We have an oven now. When Jerod called Best Buy to let them know we would need an inch cut out of a hollow space in our cabinets for the oven to fit, Camilo II**  assured us that his guy coming to do the installation would be able to cut an inch out of our cabinet—no problem. The guy who came to do the installation had never talked to Camilo II in his life and he would not cut anything out of anywhere to make it fit. 

So the oven sat in our garage for two days; Jerod reminded me with the frequency of a new parent checking to see if their kid is still breathing to keep it closed. People are siphoning gas from cars in Central Florida—imagine their delight when they see we have the only new microwave-oven combo in the state of Florida sitting in our open garage. 

On the third day, Mary Magdalene went to the tomb, Camilo’s other guy came to install the oven with his guy who was approximately 14-and-three-quarters-years-old. It took them 15 minutes to get the job done, which is impressive, but not as impressive as the wreckage they left in their wake. 

Tread marks on my prized dining room rug

Piles of shoe dirt in my foyer and my kitchen

A mini mountain of sawdust at the foot of the new oven

3 angry bees chasing me around my house (because no matter how many times I closed the door behind them, they left it open again.)

Upon their departure, they stopped to argue in my driveway—with my front door wide open, of course—and it hit me, customer service is dead.

If buying a pack of cigarettes from the local bodega is a better experience than spending more than the average American’s monthly income on an oven, what is even happening in this world?

So I did what any seemingly powerless work-from-home mom with a small social media following would do. I tweeted about it. 

Read this next part very carefully:

No one is paying attention to me on Twitter. Literally, no one. 

Yet, when I posted this tweet: 

Best Buy responded in 30 seconds. 

THIRTY SECONDS!

I. Have. The. Power.

They are just words. But instead of words privately exchanged on “recorded lines,” they are on Twitter for my three and a half followers to see, and Best Buy does not want what happens on recorded lines to become public domain. (That’s why they can’t even access their own recordings to verify what was promised.)

Unprecedented times is a term we’ve been throwing around for years now, so it’s kind of lost its luster, but never before have we lived in a society with such high expectations and such pathetic follow through. 

If you want your spending experiences to be pleasant, you’ve got to use your words. I don’t mean you’ve got to tell the saleswoman at the Suburu dealership that you “don’t want any funny business.” I mean you need a platform—a blog, a newsletter, an Instagram, a Twitter no one really pays attention to.

You need a platform to find out what people are saying about the companies you’re thinking about doing business with and you need a platform to publish if things don’t go as planned.

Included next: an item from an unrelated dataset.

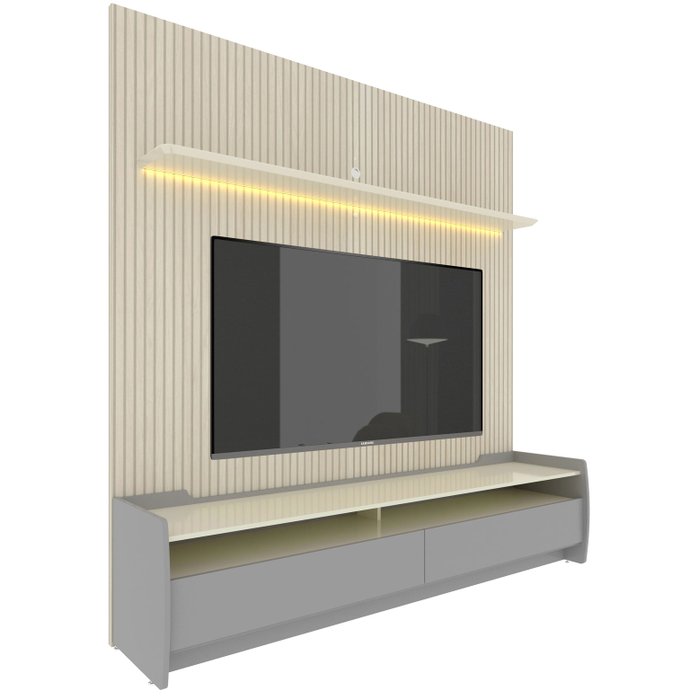 Rack Sublime com Painel Requinte 1.8 Cinza com Off White - Gelius Móveis
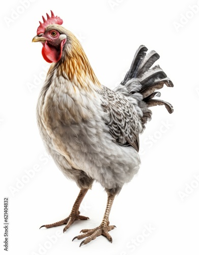 © monsifdx, Fototapeta premium Isolated Grey Chicken Standing in Front of White Background Generative AI

Do you want to sit on hold for 30 minutes or do you want a tweet back in THIRTY SECONDS?

Use other people’s words to decide where you’re going to spend your cold, hard cash (and your available credit, but that doesn’t sound as cool.) 

Yes, we’re all just trying to pick the company that won’t keep us waiting for an oven or a toilet for six months, but install teams will keep letting bees into your house and customer service reps will keep you pacified with lies if you keep giving them your money.  

Use your words—on your platform, in a Google review, or in a newsletter you print at Office Depot and deliver to your neighbors—to tell people about your experiences. Don’t forget to write about the good stuff too.

Present day:

In conclusion, I’m still waiting for Bacarri (from Best Buy’s Twitter account) to “find a resolution,” to my stained rug and my price match promise gone wrong. Now that this post is published, I expect to hear from them soon.

*All names have been changed to Camilo to protect the guilty.

**This is Camilo the second, different from Camilo the first.